**To do:** Skipping all images, output the listing word for word.

**Data block:**
* * *

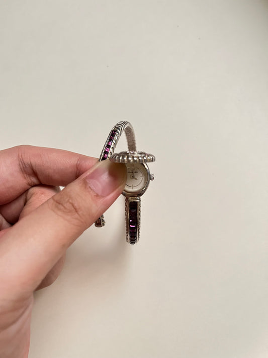 Very Unique Silver Tone Peekaboo Open Cuff Watch with Purple Stones Accent
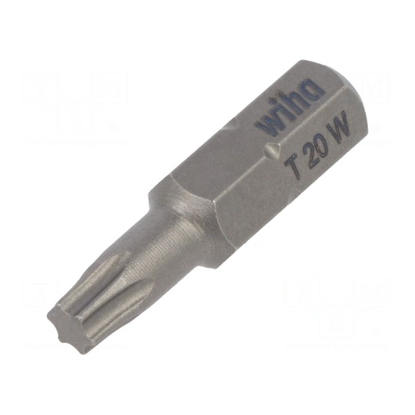 Końcówka wkrętakowa typu Torx o rozmiarze TX20 przeznaczona jest do prac montażowych z wykorzystaniem wkrętów z odpowiednim gniazdem. Element został wykonany ze stali chromowo-wanadowej, co zapewnia trwałość podczas użytkowania.
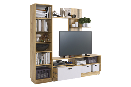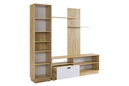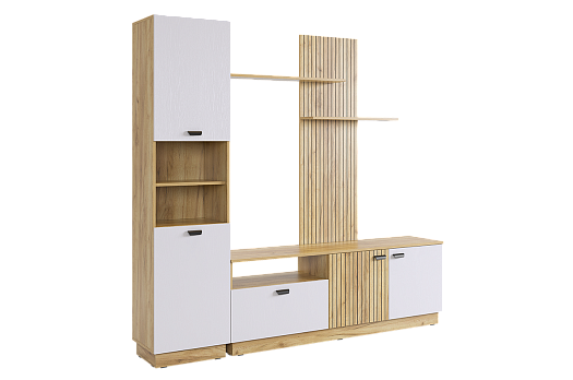 Гостиная "Моди К1" дуб крафт золотой/белое дерево из каталога Модульные гостиные купить в Тюмени в магазине мебели онлайн Мебельсон по цене 25 065 ₽
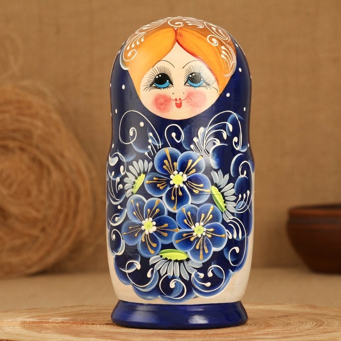 Матрёшка "Клава", голубое платье, 5-кукольная, 12 см

* * *

**Answer:**
 Very Unique Silver Tone Peekaboo Open Cuff Watch with Purple Stones Accent
 Końcówka wkrętakowa typu Torx o rozmiarze TX20 przeznaczona jest do prac montażowych z wykorzystaniem wkrętów z odpowiednim gniazdem. Element został wykonany ze stali chromowo-wanadowej, co zapewnia trwałość podczas użytkowania.
 Гостиная "Моди К1" дуб крафт золотой/белое дерево из каталога Модульные гостиные купить в Тюмени в магазине мебели онлайн Мебельсон по цене 25 065 ₽
 Матрёшка "Клава", голубое платье, 5-кукольная, 12 см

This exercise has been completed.